- Etymology: Habitational name from a place called Frelinghuizen
- Place of origin: Netherlands
- Connected families: Cabot family Lodge family Havemeyer family
- Estates: Frelinghuysen Homestead Frelinghuysen Arboretum

= Frelinghuysen family =

Political family in New Jersey, US

The Frelinghuysen family (/ˈfreɪlɪŋhaɪsən/ FRAY-ling-hy-sən, /ˈfri:lɪŋhaɪzən/ FREE-ling-hy-zən or /ˌfri:lɪŋˈhaɪsən/ FREE-ling-HY-sən) is an American political dynasty, primarily based in New Jersey, that first emigrated from The Netherlands in 1720.

==History==
In 1720, Theodorus Jacobus Frelinghuysen came from The Netherlands to the Raritan Valley in the Province of New Jersey, then a Royal Colony of Great Britain.

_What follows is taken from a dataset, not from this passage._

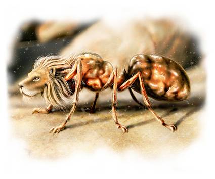 มันเป็นสัตว์ประหลาดที่มีความขัดแย้งทางร่างกายสูงมาก กล่าวคือส่วนหัวที่เป็นสิงโตต้องการเนื้อ ส่วนร่างกายมดต้องการอาหารประเภทพืช ทำให้พวกมันมักหิวโหยอยู่ตลอดเวลาและท้ายที่สุดมักจะอดตายไปในที่สุด

He was an evangelizing Dutch-Reformed minister during the period of religious fervor known as the Great Awakening. The family has had Frelinghuysen Middle School in Morristown named after them.

===Politics===
Five Frelinghuysens have served as United States senators for New Jersey:
- Frederick Frelinghuysen (1793-1796), a Revolutionary War officer and delegate to the Second Continental Congress.
- Theodore Frelinghuysen (1829-1835), who later became the mayor of Newark and the seventh president of Rutgers University.
- Frederick T. Frelinghuysen (1871-1877), who later served as United States Secretary of State under Chester A. Arthur and Grover Cleveland.
- Joseph S. Frelinghuysen Sr. (1917-1923), who had previously served as president of the New Jersey Senate.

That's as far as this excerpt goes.